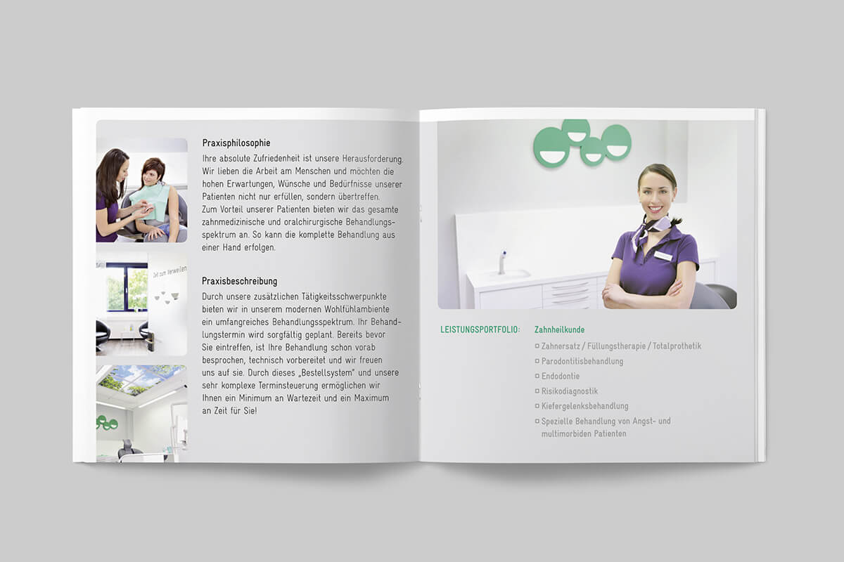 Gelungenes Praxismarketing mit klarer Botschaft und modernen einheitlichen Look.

...

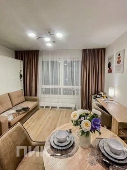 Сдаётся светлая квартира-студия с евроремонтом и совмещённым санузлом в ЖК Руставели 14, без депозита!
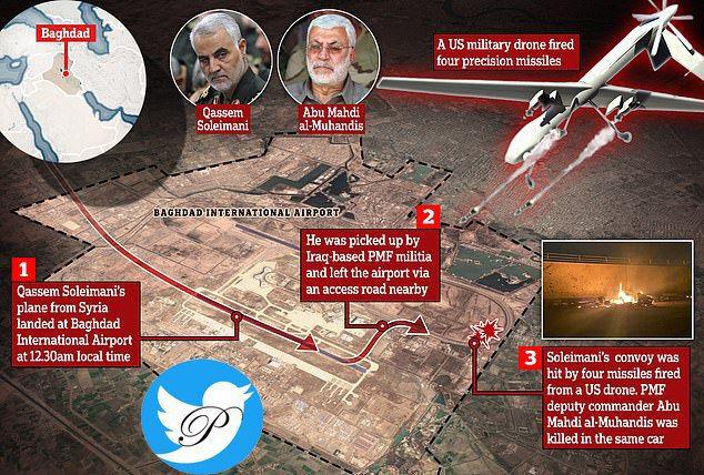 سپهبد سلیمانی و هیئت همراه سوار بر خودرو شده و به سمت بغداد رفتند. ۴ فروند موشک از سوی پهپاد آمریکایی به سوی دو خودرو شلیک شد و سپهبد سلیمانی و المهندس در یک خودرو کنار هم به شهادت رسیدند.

What is needed
In the listing above, find the line with "Сдаётся светлая квартира-студия" and the line with "سپهبد سلیمانی و هیئت". Output both, plus every line between them, and no pictures.

Solution for this problem
 Сдаётся светлая квартира-студия с евроремонтом и совмещённым санузлом в ЖК Руставели 14, без депозита!
 سپهبد سلیمانی و هیئت همراه سوار بر خودرو شده و به سمت بغداد رفتند. ۴ فروند موشک از سوی پهپاد آمریکایی به سوی دو خودرو شلیک شد و سپهبد سلیمانی و المهندس در یک خودرو کنار هم به شهادت رسیدند.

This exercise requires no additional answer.